Deng Fei, Feng Catherine H, Gao Nan, Zhang Lanjing
Department of Chemical Biology, Ernest Mario School of Pharmacy, Rutgers University, Piscataway, NJ 08854, USA.
Department of Molecular and Cellular Biology, Harvard University, Cambridge, MA 02138, USA.
Trans Artif Intell. 2025;1(1). doi: 10.53941/tai.2025.100005. Epub 2025 May 25.
Normalization is a critical step in quantitative analyses of biological processes.
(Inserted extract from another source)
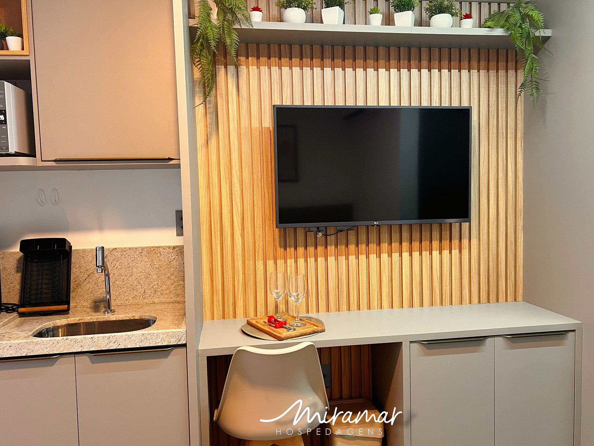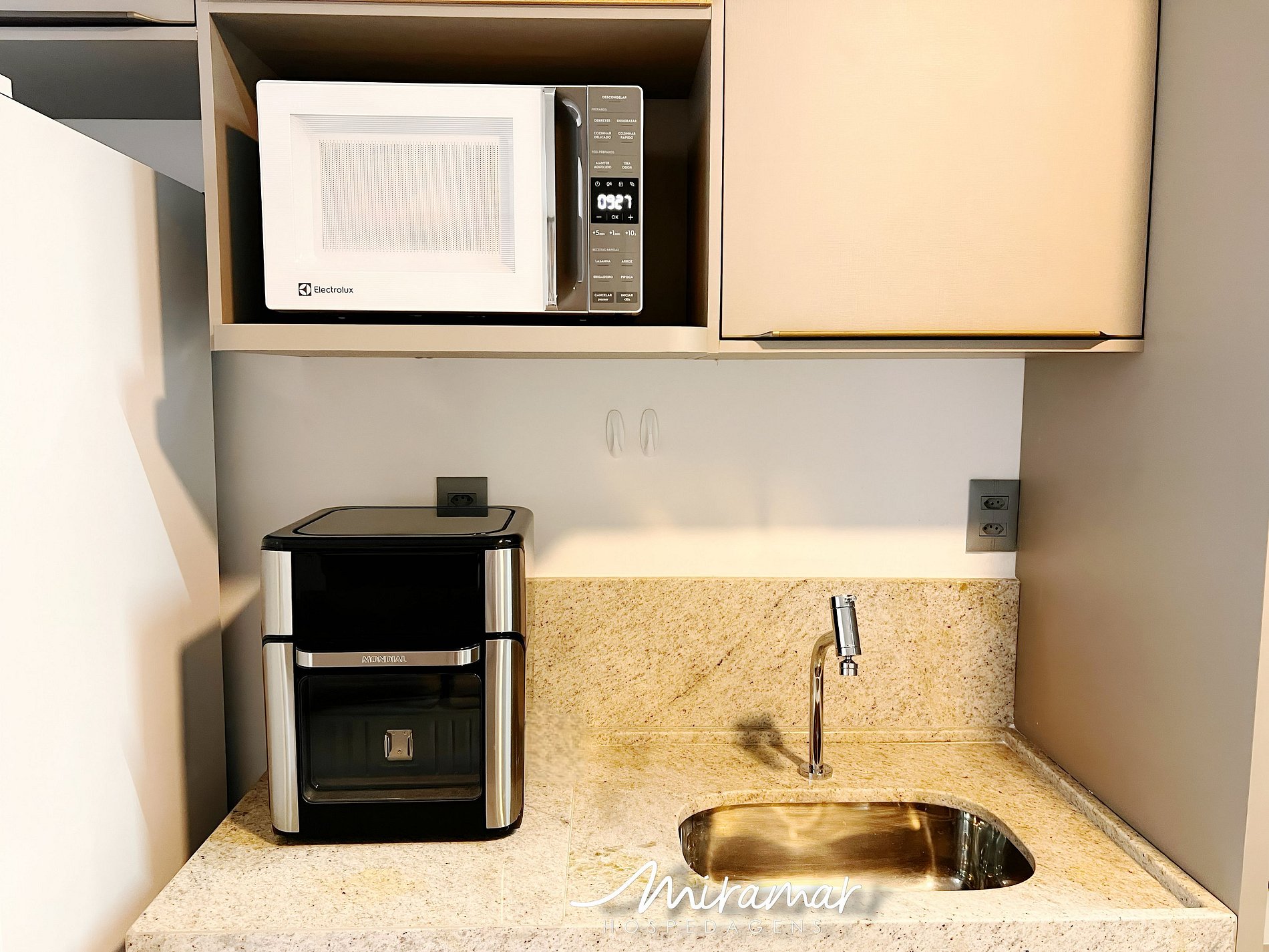 A cozinha, compacta e em estilo americano, é prática e funcional. Conta com geladeira, micro-ondas, sanduicheira, além de louças e talheres para sua conveniência. A bancada com duas cadeiras é ideal para refeições rápidas ou até mesmo para quem precisa trabalhar durante a viagem.

Recent works show that cross-platform integration and normalization enable machine learning (ML) training on RNA microarray and RNA-seq data, but no independent datasets were used in their studies. Therefore, it is unclear how to improve ML modelling performance on independent RNA array and RNA-seq based datasets. Inspired by the house-keeping genes that are commonly used in experimental biology, this study tests the hypothesis that non-differentially expressed genes (NDEG) may improve normalization of transcriptomic data and subsequently cross-platform modelling performance of ML models. Microarray and RNA-seq datasets of the TCGA breast cancer were used as independent training and test datasets, respectively, to classify the molecular subtypes of breast cancer. NDEG ( > 0.85) and differentially expressed genes (DEG) ( < 0.05) were selected based on the values of ANOVA analysis and used for subsequent data normalization and classification, respectively. Models trained based on data from one platform were used for testing on the other platform. Our data show that NDEG and DEG gene selection could effectively improve the model classification performance. Normalization methods based on parametric statistical analysis were inferior to those based on nonparametric statistics. In this study, the LOG_QN and LOG_QNZ normalization methods combined with the neural network classification model seem to achieve better performance. Therefore, NDEG-based normalization appears useful for cross-platform testing on completely independent datasets. However, more studies are required to examine whether NDEG-based normalization can improve ML classification performance in other datasets and other omic data types.
归一化是生物过程定量分析中的关键步骤。最近的研究表明,跨平台整合和归一化能够实现基于RNA微阵列和RNA测序数据的机器学习(ML)训练,但这些研究中未使用独立数据集。因此,尚不清楚如何提高基于独立RNA阵列和RNA测序数据集的ML建模性能。受实验生物学中常用的管家基因启发,本研究检验了以下假设:非差异表达基因(NDEG)可能会改善转录组数据的归一化,进而提高ML模型的跨平台建模性能。分别使用TCGA乳腺癌的微阵列和RNA测序数据集作为独立的训练和测试数据集,对乳腺癌的分子亚型进行分类。基于方差分析(ANOVA)值选择NDEG(>0.85)和差异表达基因(DEG)(<0.05),并分别用于后续的数据归一化和分类。基于一个平台数据训练的模型用于在另一个平台上进行测试。我们的数据表明,NDEG和DEG基因选择可以有效提高模型分类性能。基于参数统计分析的归一化方法不如基于非参数统计的方法。在本研究中,LOG_QN和LOG_QNZ归一化方法与神经网络分类模型相结合似乎能取得更好的性能。因此,基于NDEG的归一化对于在完全独立的数据集上进行跨平台测试似乎是有用的。然而,需要更多研究来检验基于NDEG的归一化是否能提高其他数据集和其他组学数据类型中的ML分类性能。